Orang Asia Tengah di Rusia ditekan untuk bergabung dalam pertarungan Moskow di Ukraina

Warga Asia Tengah yang tinggal di Rusia ditekan untuk berperang di Ukraina karena militer Moskow menderita kerugian yang lebih besar dari yang diperkirakan, menurut bukti dan aktivis hak-hak migran.

Perang tiga minggu Rusia di Ukraina memiliki jumlah kematian yang sangat tinggi, meskipun otoritas Rusia dan Ukraina memperdebatkan jumlah pasukan yang tewas di kedua sisi. Kabut perang membuat sulit untuk membedakan tidak hanya berapa banyak prajurit yang tewas, tetapi juga siapa prajurit itu dan dari mana asalnya.

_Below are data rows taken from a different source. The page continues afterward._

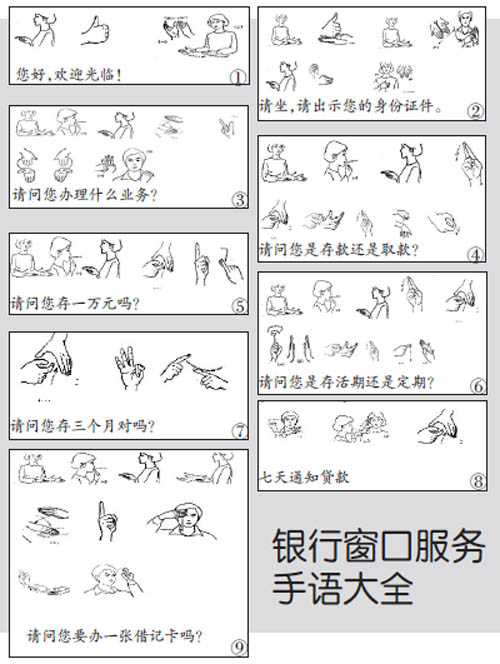 策劃人語 聾啞人辦理銀行業(yè)務(wù),無疑是一件困難的事情,他們擔(dān)心辦理時(shí)溝通困難,還往往會找個(gè)人陪著一起去。不過如果銀行的人員會手語,這些就不是問題了。在交通銀行忻州市分行營業(yè)部的員工人人都會基本的手語,每當(dāng)特殊客戶前來銀行辦理業(yè)務(wù),都會感到十分的暖心。
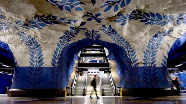 La red de Metro de Estocolmo comenzó a construirse en el año 1950, y actualmente cuenta con 110 estaciones que se distribuyen en tres líneas principales con cuatro ramales complementarios. La idea de decorar sus paredes con verdaderas obras de arte moderno no llegó hasta el año 1957, cuando se decidió convocar a un concurso para establecer las doce obras que hoy forman parte de esta verdadera obra de arte bajo tierra.
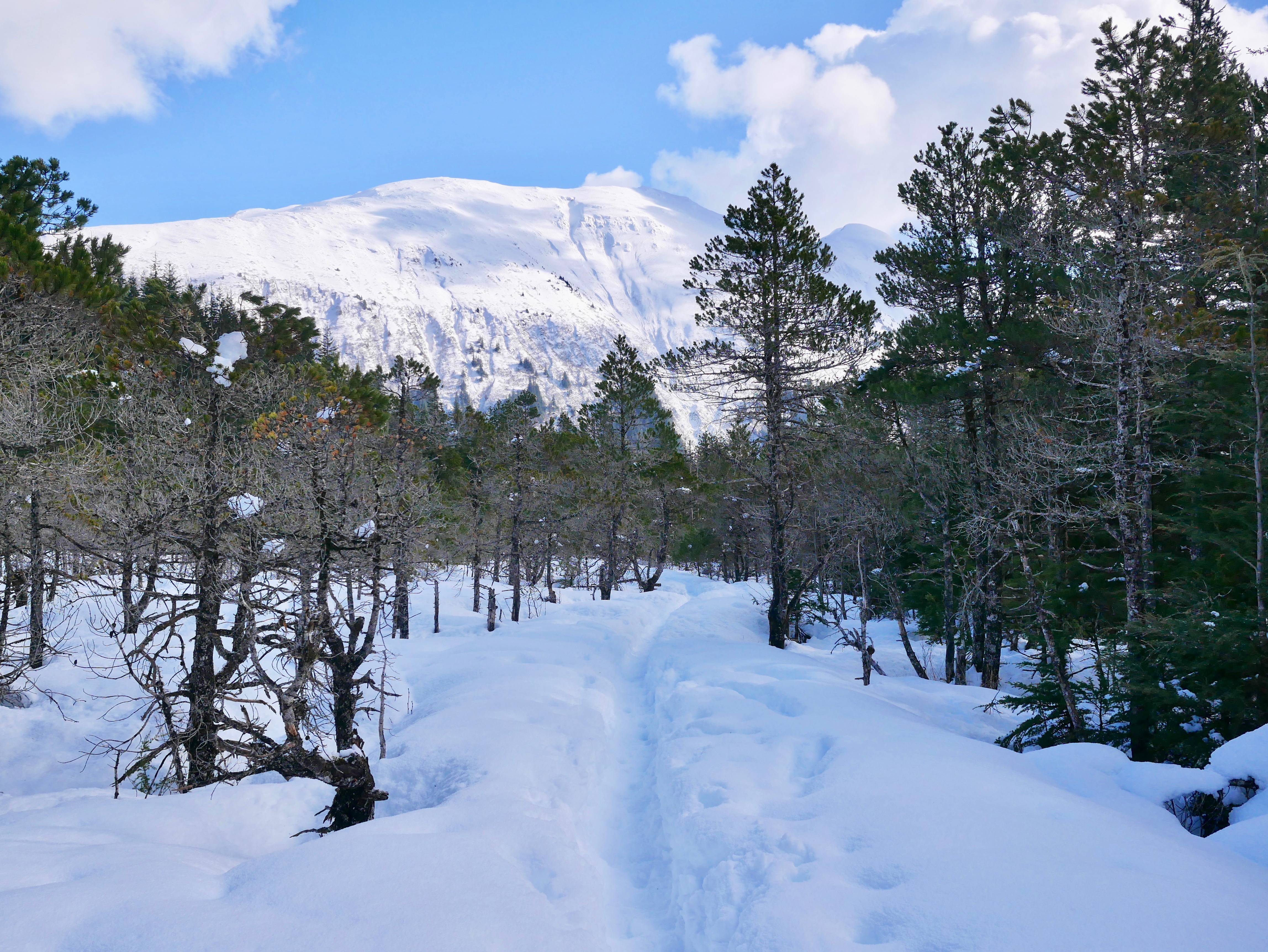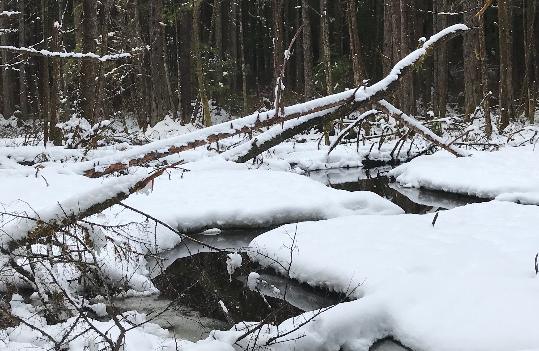 We drove through the empty streets of Downtown Juneau and across the Douglas Island Bridge to the Gastineau Meadows trail head. The tiny parking lot was empty. Aki followed me up the steep approach path and on to the main trail. We saw no one, animal or human, during the hike. I could hear blue jays complaints and complicated speeches of ravens. I sought and then spotted a wood pecker wounding the side of a giant alder tree. As always happened after we reach the open meadow, I was almost overwhelmed by the sight of sunshine on the snow covering the meadows and mountains that surrounded the little dog and I.
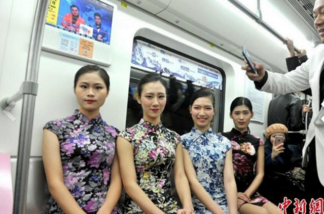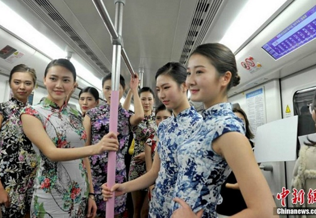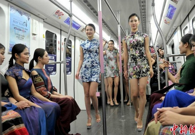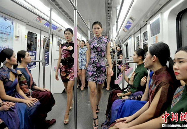 | Những bộ trang phục độc đáo được biểu diễn trên tàu điện. |
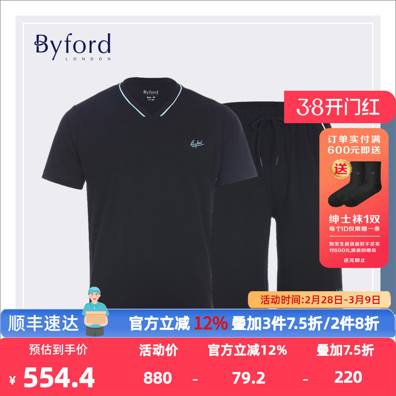 Byford百富专柜款棉弹V领短袖男装棉弹短裤套装MH21029+MH21030
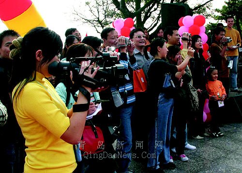 “最難忘記千禧年的那天晚上,在青島的海濱,當(dāng)我仰頭觀看夜空中綻放的五彩煙花時,無意中與他的目光不期而遇,從此,我們相識,相知,最終牽手今生!弊蛱欤瑓⒓踊顒拥拇扌〗阏勂甬(dāng)年的情形時,依然是一臉的喜悅。而站在她身旁的那個“他”,正在喜滋滋地觀看朋友幫兩人剛剛錄下的DV。在婚典儀式上,兩人的一首《月亮代表我的心》明明白白地告訴大家,他們的愛有多深。
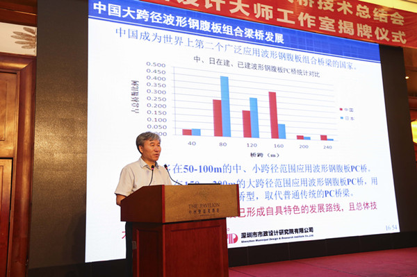 揭牌儀式后進入技術(shù)交流環(huán)節(jié),陳宜言設(shè)計大師、清華大學(xué)聶建國院士和東南大學(xué)的宗周紅教授先后作了關(guān)于波形鋼腹板組合梁橋和鋼結(jié)構(gòu)橋梁的技術(shù)報告。報告依托陳宜言大師技術(shù)團隊設(shè)計的深圳東寶河新安特大橋和伊朗德黑蘭BR-06L/R特大橋,在體系研究、方案設(shè)計、試驗研究、實橋試驗及創(chuàng)新性成果等方面進行了細致的介紹。
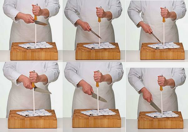 Як точити ножі мусатов? Пам’ятайте, що хороший ефект від застосування мусата досягається, тільки якщо їм правильно користуватися. Дотримуйтесь таку послідовність дій:
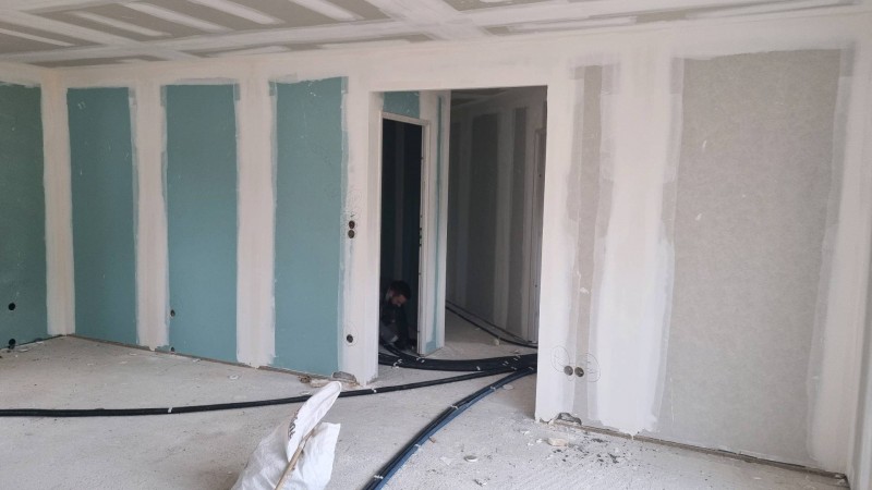 Notre équipe a installé le réseaux courant fort et faible afin de pouvoir poser l'équipement après le passage du LOT carrelage.

Pada tanggal 1 Maret, surat kabar Ukrainska Pravda bocor yang tampaknya merupakan data pribadi 120.000 tentara Rusia yang bertempur di Ukraina. Meskipun berasal dari outlet terpercaya, daftar 6.616 halaman yang tidak diverifikasi secara independen berisi nama personel militer, nomor registrasi, dan stasiun tugas. berbagai nama etnis Asia Tengah.

Valentina Chupik, seorang pengacara hak-hak sipil yang dikenal karena pekerjaannya membela hak-hak migran di Rusia, membenarkan bahwa lebih dari selusin orang Asia Tengah meminta nasihat hukumnya setelah ditekan untuk mendaftar layanan kontrak di militer Rusia sejak 26 Februari.

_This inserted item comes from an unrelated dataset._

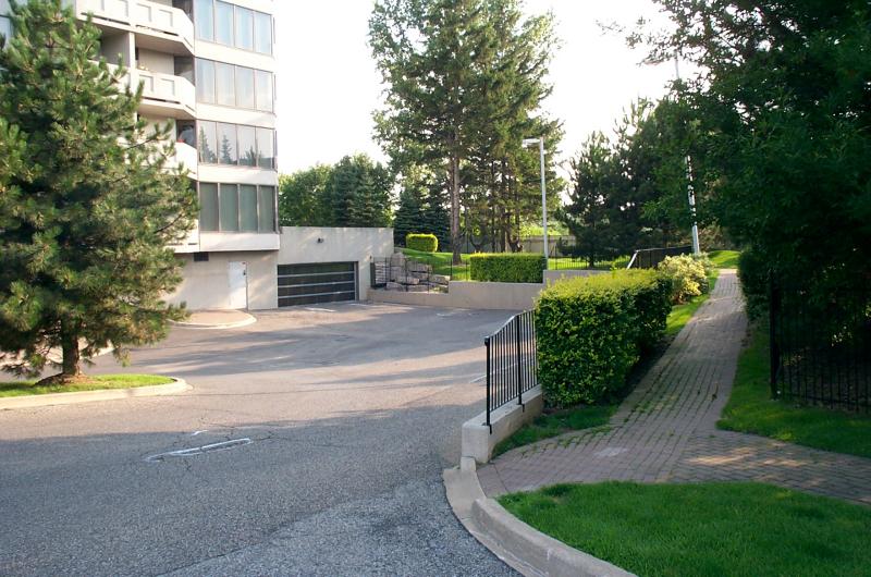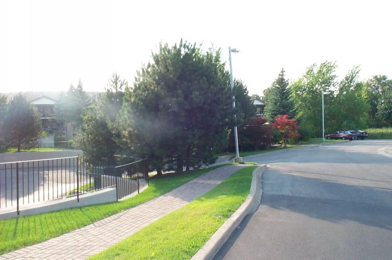 Path from front entrance towards pool and garage
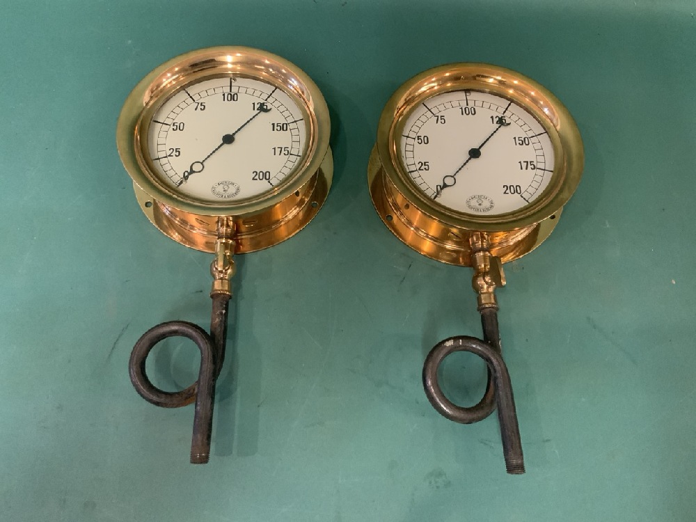 Pair of Brass Schaeffer & Budenberg Brooklyn, NY. Steam Engine Gauges Pat. Feb.19, 1924 From Letchworth Village Power Plant

Dalam percakapan di aplikasi perpesanan Telegram, dia mengatakan kepada The Moscow Times bahwa dia melihat dua pola di mana para migran menjadi sasaran.

Chupik mengatakan dia menerima telepon dari 10 warga Tajikistan dan Uzbekistan yang tinggal di Rusia, mengatakan bahwa mereka menerima telepon dari orang yang mengaku mewakili firma hukum imigrasi dan dapat mempercepat proses penerimaan kewarganegaraan Rusia jika mereka mendaftar untuk layanan kontrak.

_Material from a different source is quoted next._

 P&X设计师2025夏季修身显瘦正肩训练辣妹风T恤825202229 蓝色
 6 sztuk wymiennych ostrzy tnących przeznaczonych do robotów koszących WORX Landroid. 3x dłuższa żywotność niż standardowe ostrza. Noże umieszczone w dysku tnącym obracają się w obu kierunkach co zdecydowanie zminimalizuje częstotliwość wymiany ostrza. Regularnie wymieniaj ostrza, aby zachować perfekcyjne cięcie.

“Ini benar-benar bohong, hukum tidak mengizinkan ini,” kata Chupik. “Saya memberi tahu orang-orang ini bahwa (penelepon) adalah penipu.”

Taktik lain melibatkan tenda tentara berbagai stasiun metro Moskow, di mana Chupik mengatakan para perekrut mencoba mengajak para komuter untuk bergabung dengan “Tentara Sukarelawan Republik Rakyat Donetsk”. Mereka menargetkan migran, kata Chupik, menjanjikan bahwa mereka dapat memperoleh kewarganegaraan Rusia hanya dalam enam bulan.

“Saya pikir pemerintah Rusia menggunakan tenaga kerja migran sebagai umpan meriam di Ukraina,” klaim Chupik dalam sebuah wawancara baru-baru ini. “Para migran ini mungkin didaftarkan oleh Kementerian Pertahanan dan oleh perusahaan militer swasta.”

Di dalam sebuah komentar di FacebookChupik – apa pada September 2021 dicabut status suakanya oleh otoritas Rusia atas pekerjaannya yang setia untuk melindungi para migran – mendesak pria Asia Tengah berusia antara 18 dan 60 tahun untuk meninggalkan Rusia secepat mungkin.

Posting media sosial dan laporan media tampaknya menguatkan klaim Chupik bahwa orang Asia Tengah ditekan untuk berperang demi pasukan Rusia di Ukraina.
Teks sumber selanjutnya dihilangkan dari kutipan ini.